Implementing Bayesian Optimization

As mentioned in the previous sections, we first need a Gaussian Process as a surrogate model. We can either write it from scratch or just use some open-sourced library to do this. Here, I have used sci-kit learn to create a regressor

# Create the Model
    m52 = sklearn.gaussian_process.kernelsConstantKernel(1.0) * Matern( length_scale=2.0, 
                                        nu=1.5
                                    )
    model = sklearn.gaussian_process.GaussianProcessRegressor(
                                        kernel=m52, 
                                        alpha=1e-10, 
                                        n_restarts_optimizer=100
                                    )

Once th Gaussian process is established, we now need to write the acquisition function. I have used the Expected Improvements acquisition function. The core idea can be re-written as proposed by Mockus

\[EI(x) = \begin{cases} \big( \mu_t(x) - y_{max} - \epsilon \big ) \Phi(Z) + \sigma_t (x) \phi(Z) &\sigma_t(x) > 0 \\ 0 & \sigma_t(x) > 0 \end{cases}\]

Where

\[Z = \frac{\mu_t(x) - y_{max} - \epsilon}{\sigma_t(x) }\]

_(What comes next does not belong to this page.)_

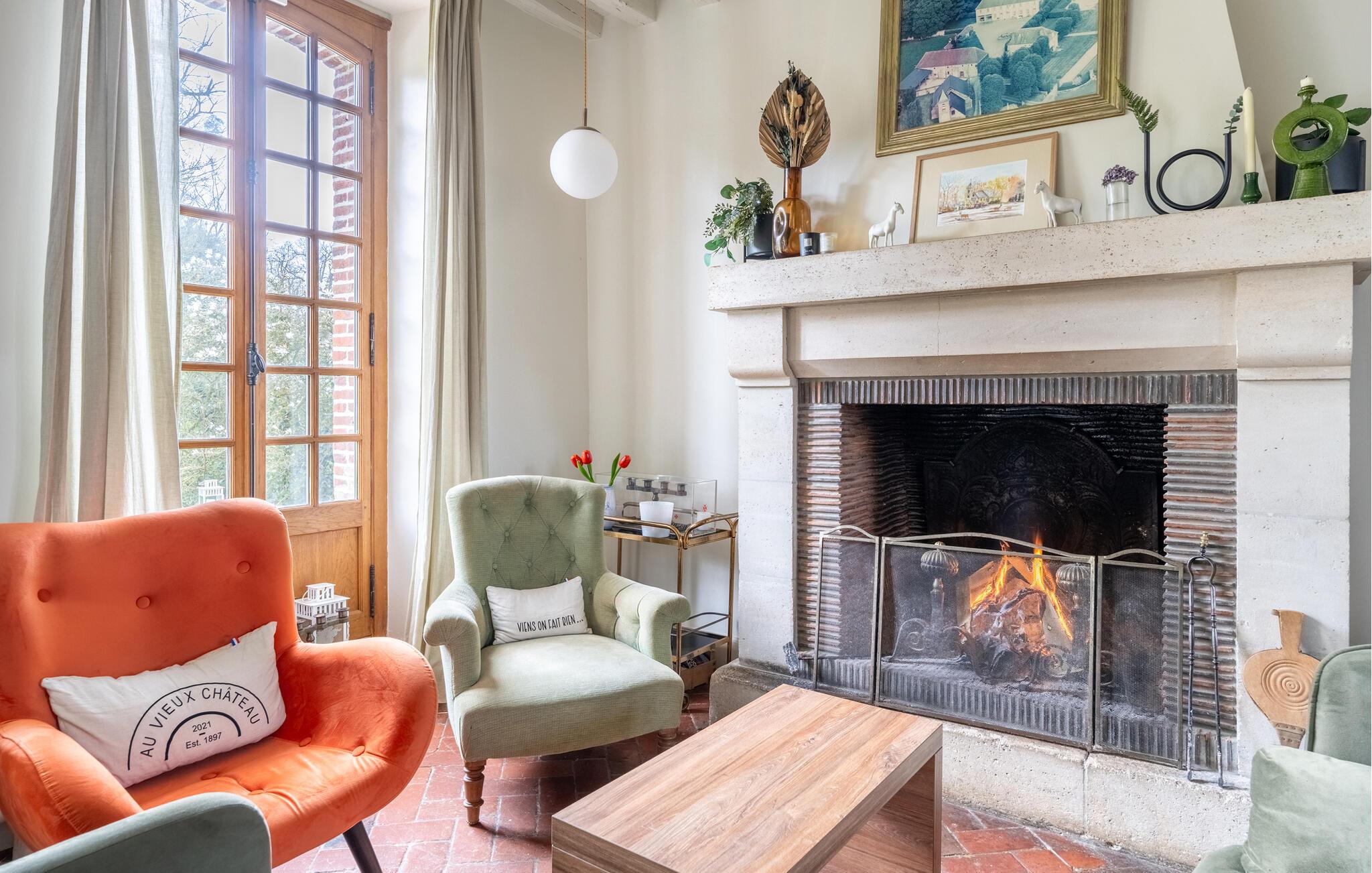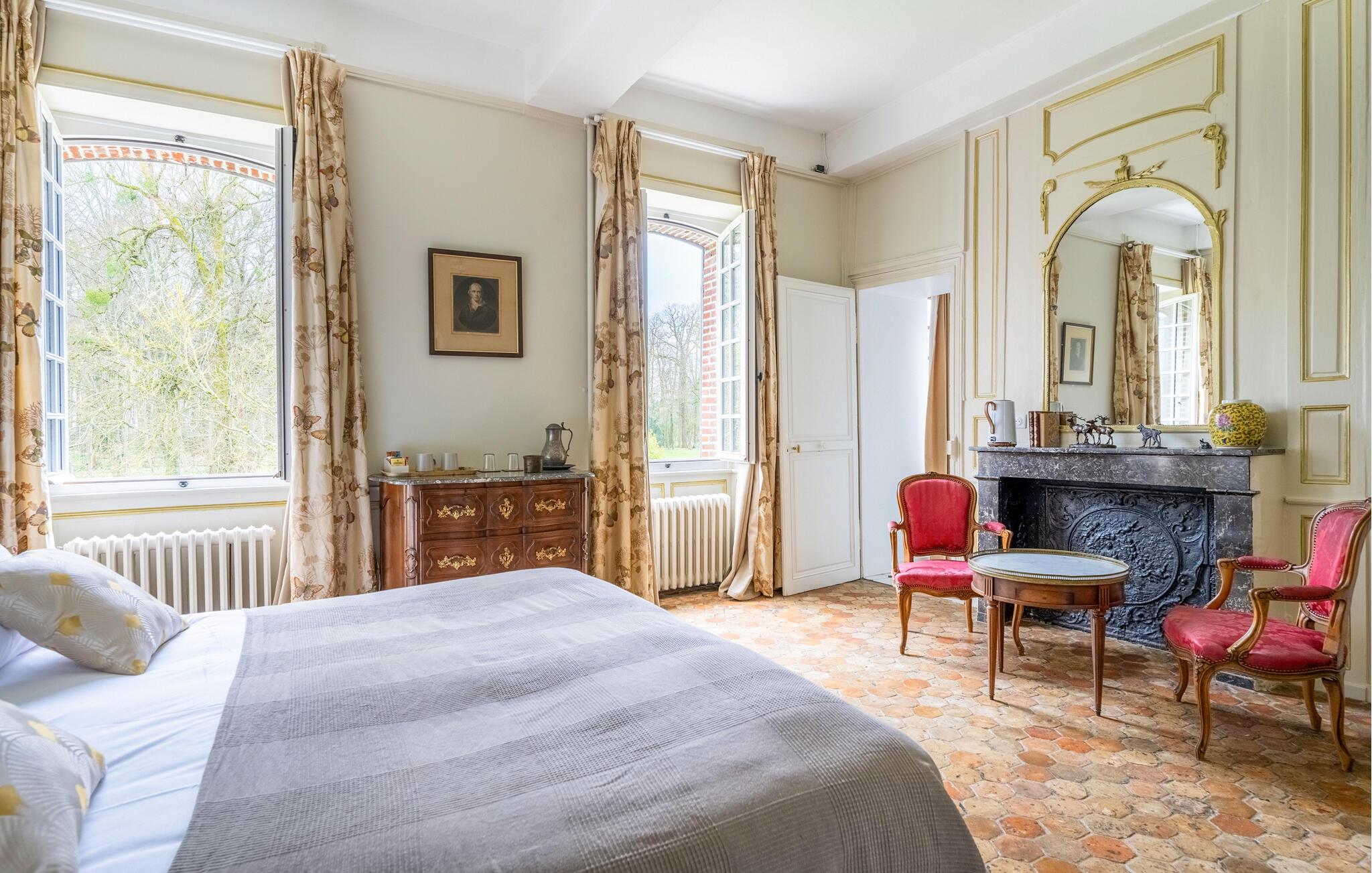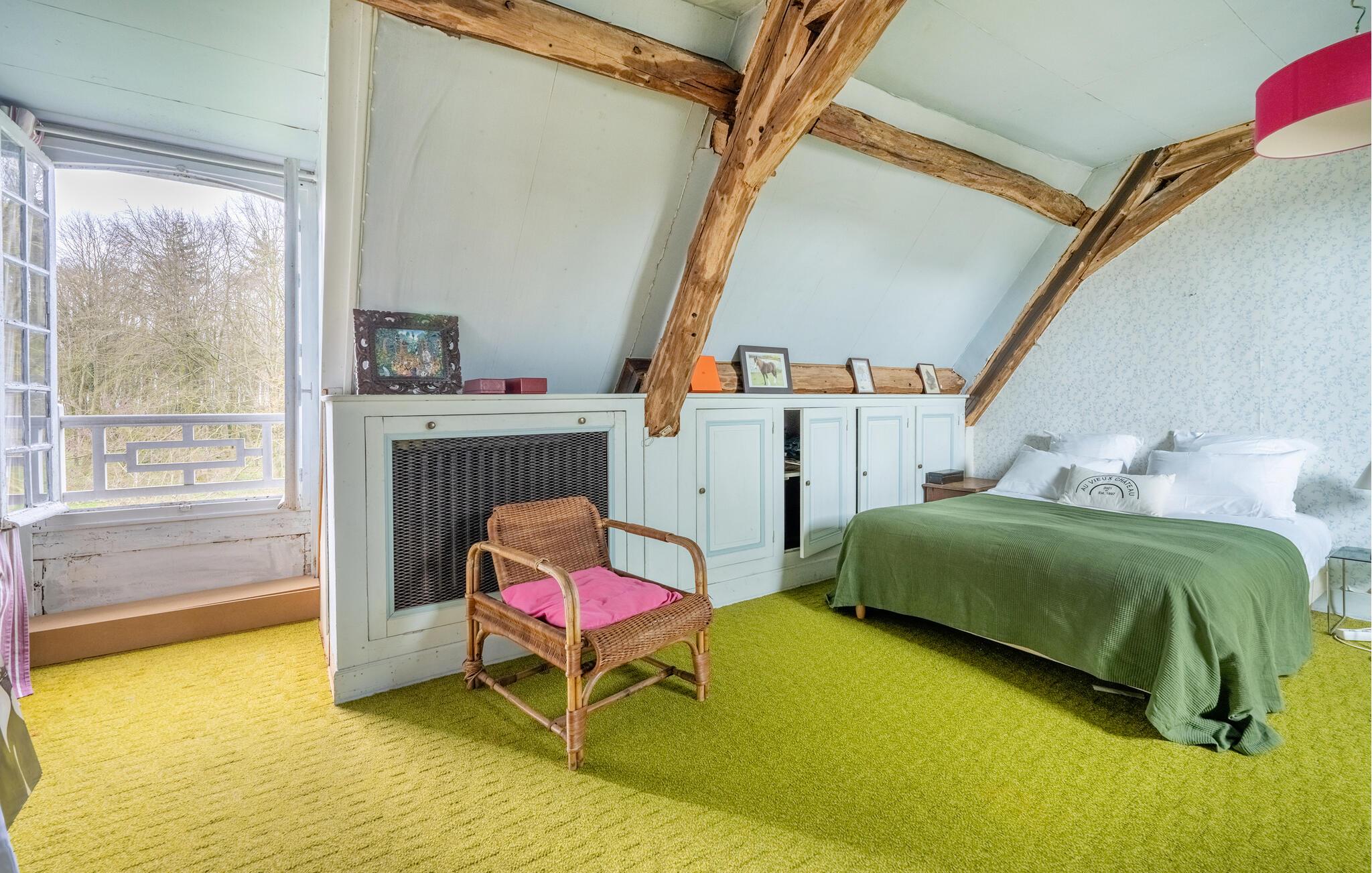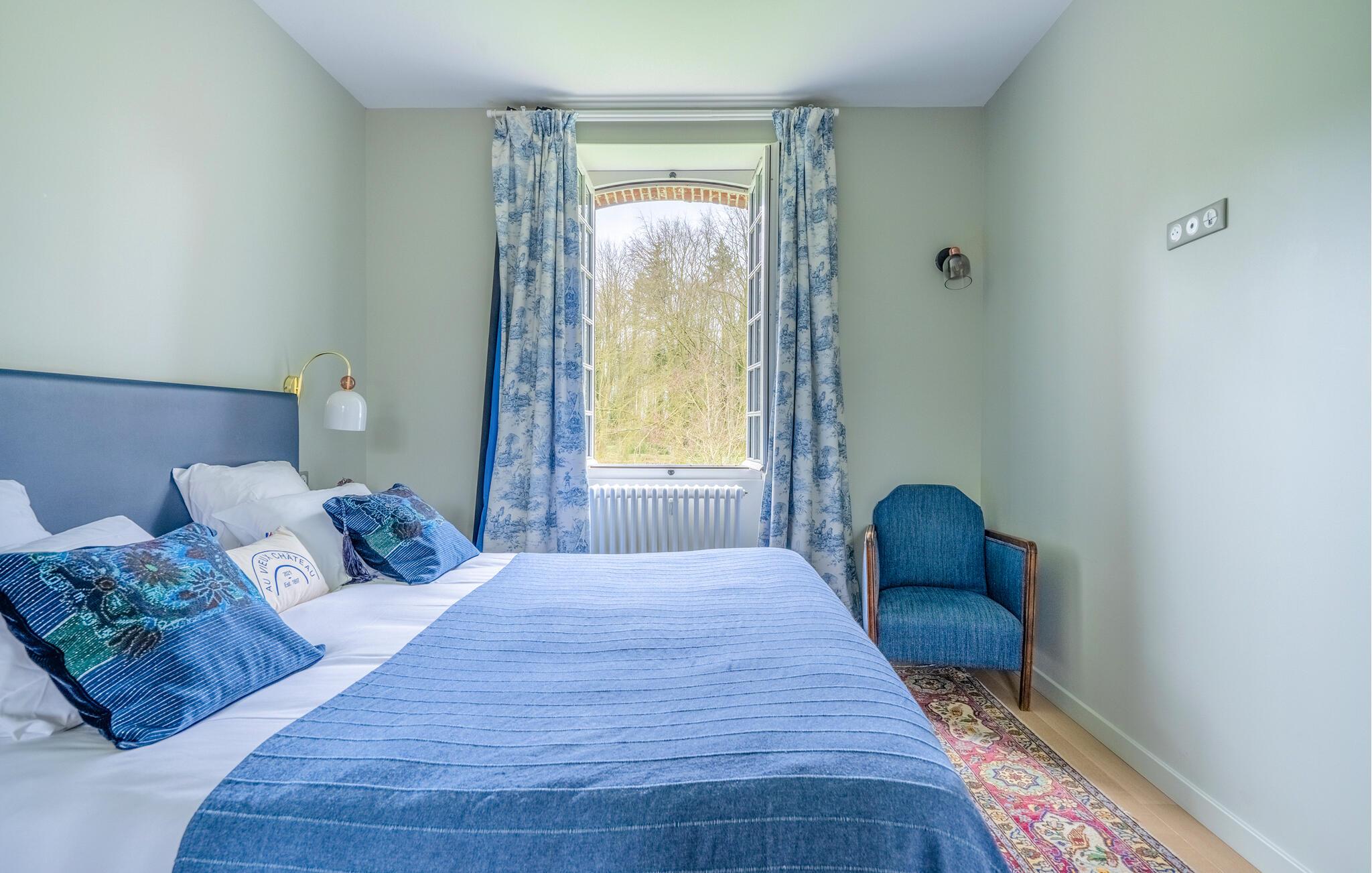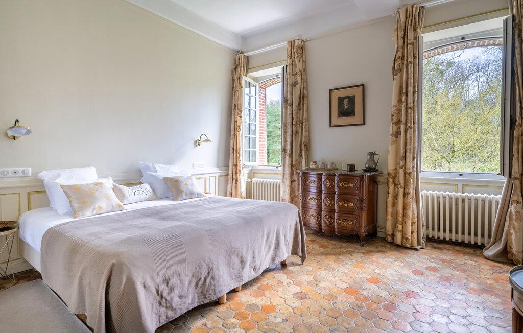 En god times kørsel nord for Paris finder I dette overdådige slotslignende hus, der danner rammen om en magisk ferie med den udvidede familie eller en større venneflok. Huset ligger i mageløse omgivelser, og indvendigt emmer det af autenticitet, charme og komfort over tre etager. Behagelige farveskalaer og et vellykket samspil mellem det rustikke og det moderne giver jer alt, I behøver, for at kunne slappe af og sætte masser af tid af til hinanden. Gør madlavningen til et ambitiøst fællesprojekt i det rummelige køkken og dæk op ved spisebordet, hvor der er plads til hele flokken. Tænd op i pejsen på de køligere dage og rund aftenerne af med brætspil, kortspil eller en hyggelig filmaften i de gode sofaer, inden I går til køjs i de komfortable soveværelser.

and $\Phi$ and $\phi$ are the PDF and CDF functions. This formulation is an analytical expression that achieves the same result as our earlier formulation and we have added $\epsilon$ as an exploration parameter. This can be implemented as follows

def _acquisition(self, X, samples):
        '''
            Acquisition function using hte Expected Improvement method

            Parameters
            -----------
            X : N x 1 
                Array of parameter points observed so far

            X_samples : N x 1
                Array of Sampled points between the bounds

            Returns
            --------
            float
                Expected improvement

        '''

        # calculate the max of surrogate values from history
        mu_x_, _ = self.surrogate(X)
        max_x_ = max(mu_x_)

        # Get the mean and deviation of the samples 
        mu_sample_, std_sample_ = self.surrogate(samples)
        mu_sample_ = mu_sample_[:, 0]

        # Get the improvement
        with np.errstate(divide='warn'):
            z = (mu_sample_ - max_x_ - self.eps) / std_sample_
            EI_ = (mu_sample_ - max_x_ - self.eps) * \
                scipy.stats.norm.cdf(z) + std_sample_ * scipy.stats.norm.pdf(z)
            EI_[std_sample_ == 0.0] = 0

        return EI_

the self.surrogate() function is just predicting using the Gaussian process earlier written. Once we have our expected improvements, we need to optimize our acquisition by maximizing over these expected improvements

def optimize_acq(self, X):
        '''
            Optimization of the Acquisition function using a maximization check of the outputs

            Parameters
            -----------
            X : N x 1 
                Array of parameter points

            Returns
            --------
            float
                Next location of the sampling point based on the Maximization

        '''
            
        # Calculate Acquisition value for each sample
        EI_ = self._acquisition(X, self.X_samples_)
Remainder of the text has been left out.